Bohn’s self-described research “hobby” is correlated imaging, a technique that allows scientists to view how bacteria and other microbes communicate with each other chemically. This work harnesses his background in optical spectroscopy and combines it with his acquired interest in electrochemistry.

Outside of his own research, Bohn serves as director of the Institute for Precision Health at Notre Dame. This initiative conducts molecular and cellular research with the aim of creating tools to prevent and treat diseases. Current research themes include molecular mining, molecular recognition and micro and nano-scale instrumentation, among others.

Moving forward, Bohn said he hopes to combine some of his different interests and research projects. He said he believes synthesizing the findings in his diverse experiments may facilitate further breakthroughs in the field of electrochemistry.

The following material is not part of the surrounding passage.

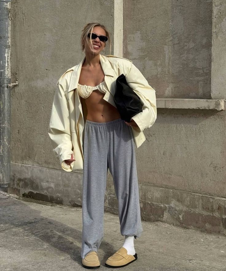 A playful bralette contrasts with relaxed grey sweatpants, while the oversized jacket throws in a bold proportion play. Finished with slipper-style shoes, socks, and a clutch, the look nails elevated loungewear with an off-duty edge.

While Bohn will continue to be active in the research community, he said for him “it’s all about the students.”

“There is literally no better job in the world than walking into the office — or out of my bedroom, now, in the pandemic — and being able to take what’s between your two ears, and utilize that to excite students about doing science and helping them learn how to do science, and then taking the results of those experiments that they did, and helping educate the rest of the world,” Bohn said. “It starts with the students and everything revolves around them.”

To students hoping to have a career like his, whether it be in science or otherwise, Bohn advises to leverage the things they already enjoy doing for fun.

“Try to find something that, as a friend of mine once said a long time ago, allows you to do the things that you’d be doing in your basement anyway,” Bohn said. “If you forget that you’re working, it’s the right career for you.”